When done correctly, its simplicity is as stunning as it is pleasing. Some tender chicken straight off the charcoal grill and a peanut sauce that combines the sweetness of palm sugar or honey with the refreshing heat of ginger and the bite of fresh garlic are all it takes to make for a great meal. Throw in some exhaust fumes from about a million mopeds, and one is immediately transported to a street food stall in Bangkok. If done poorly, satay just might make you wish you had ordered a ham sandwich.

I wish I had ordered a ham sandwich.

Don’t let the zen-like sparseness of the dish pictured fool you. No meditating master chef was at work here. The uniform color made the alarms go off, before I had even tasted the skewered insulating foam on the plate in front of me: where were the grill marks? Where the scent of charcoal? Instead these appeared to have come straight out of the kitchen appliance from hell: the deep-fryer. (The only thing worse than satay out of a deep fryer is Wiener Schnitzel.) The crust did have an amazing ability though. While being cool to the touch, it managed to conceal behind its dry barrier relatively moist chicken, at a core temperatur of what I’d guess to have been around 397°C. The resulting burns on my tongue did manage to make the next course, tom kha gai, more bearable.

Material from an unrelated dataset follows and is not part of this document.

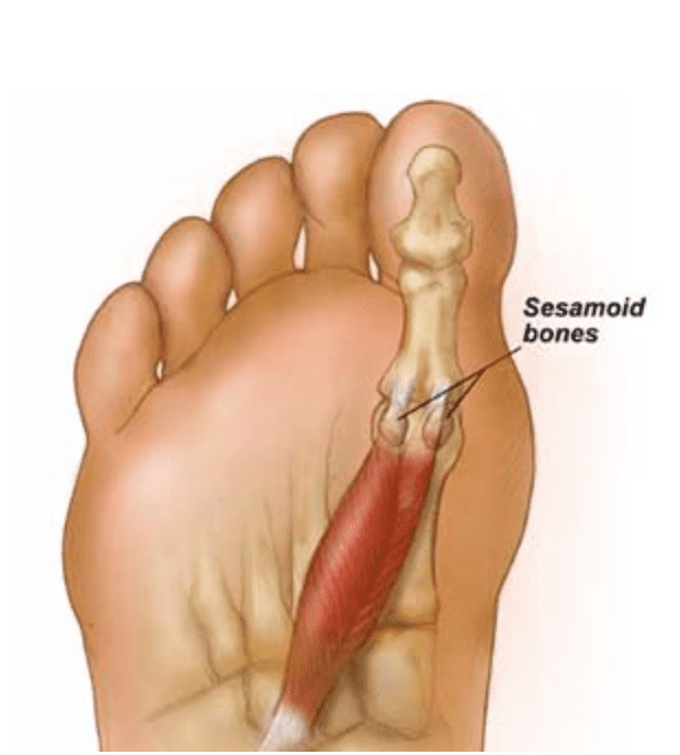 Your sesamoids are two small pea-shaped and sized bones that sit right below your big toe joint at the ball of the foot. They are not directly connected to the big toe joint in the same way all of the other bones are connected via regular joint, but instead they are embedded within a tendon that runs directly beneath your big toe called the flexor hallucis brevis. Here, they support the function of the tendon as you walk and run. Thus, moving this tendon while you have sesamoiditis will produce painful symptoms.

But what about the sauce? This I had hoped would be the saving element, the deciding goal in the 90th minute of the World Cup final, turning desaster into delight. But alas, the shot went straight over the cross bar. Thin, uneventful and boring. But strangely enough, I wish there had been a little more of it. Because the last two skewers were rather dry and drab all on their own.

The beer was an Erdinger Weißbier. Light and refreshing.

All in all a pretty lame Number 22. While not inedible it left me pining for the real thing. Minus the mopeds.